The polycrystalline silicon has lots of characters and is superior to the amorphous silicon while being used in the LCD. For instance, the polycrystalline silicon has bigger grains so that the response time of the TFT using the polycrystalline silicon is faster than that using the amorphous silicon. Furthermore, a p-Si TFT LCD can use a backlight module to lower its power consumption.
Low Temperature Polycrystalline silicon (LTPS) process is a common process to crystallize the amorphous silicon. The LTPS usually uses Excimer laser as its heat source. While the laser beam irradiates on an amorphous silicon film, the amorphous silicon film absorbs energy of the laser beam and is transformed into a polycrystalline silicon film.
One method of crystallizing the amorphous silicon into polycrystalline silicon is a sequential lateral solidification (SLS), which using a technique of Excimer laser annealing. SLS crystallization uses the fact that silicon grains tend to grow laterally from the boundary of the liquid silicon and the solid silicon. With the SLS, the amorphous silicon is crystallized by using a laser beam having a sufficient magnitude and a relative motion to melt the amorphous silicon, such that the melted silicon can grow laterally silicon grains in recrystallization.
Please refer to FIG. 1A, which is a schematic cross-section view showing how a p-Si film is fabricated by the SLS. As shown, an amorphous silicon film 11 formed by a chemical vapor deposition or Sputtering is located on a substrate 10, and a mask 2 is disposed above the amorphous silicon film 11. The mask 2 comprises a plurality of light transmitting slits 21 and light absorptive slits 22. Please refer to FIG. 1B, a laser beam irradiates the mask 2 along the direction shown by arrows in FIG. 1A with a back-and-forth scanning pattern of stroking horizontally but feeding vertically (as a figure view of FIG. 1B).

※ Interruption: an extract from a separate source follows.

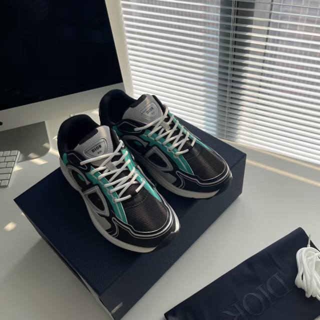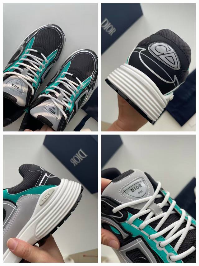 / dio* 迪奥 :高版本 。官网同步发售。情侣款。本季全新推出d家b30 低帮运动鞋。鞋面采用牛皮拼接鞋面搭配网眼织,饰以反光cd30图行标志 原版网布内里 凸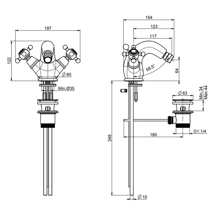 Смеситель для биде Fima Carlo Frattini Elizabeth на 1 отверстие, с донным клапаном, бронза F5092/2BR

After the amorphous silicon film 11 is well irradiated, a lateral-growth p-Si is then formed.
Please refer to FIG. 1C, which shows the pattern formed by the above process via the mask 2. The grain boundary 111 in FIG. 1C is perpendicular to the growing direction of the grains. According to various tests, the channel of TFTs could have better electrical performance while paralleling to the direction of grain growing. On the contrary, the electrical performance is not so good while the channel of TFTs is perpendicular to the direction of grain growing. Due to those observations, almost all channels of TFTs are designed in parallelling to each other. However, such a design does restrict the design variety of circuit patterns.
Therefore, how to remove the limitation caused by the grain-growing direction is necessary and important.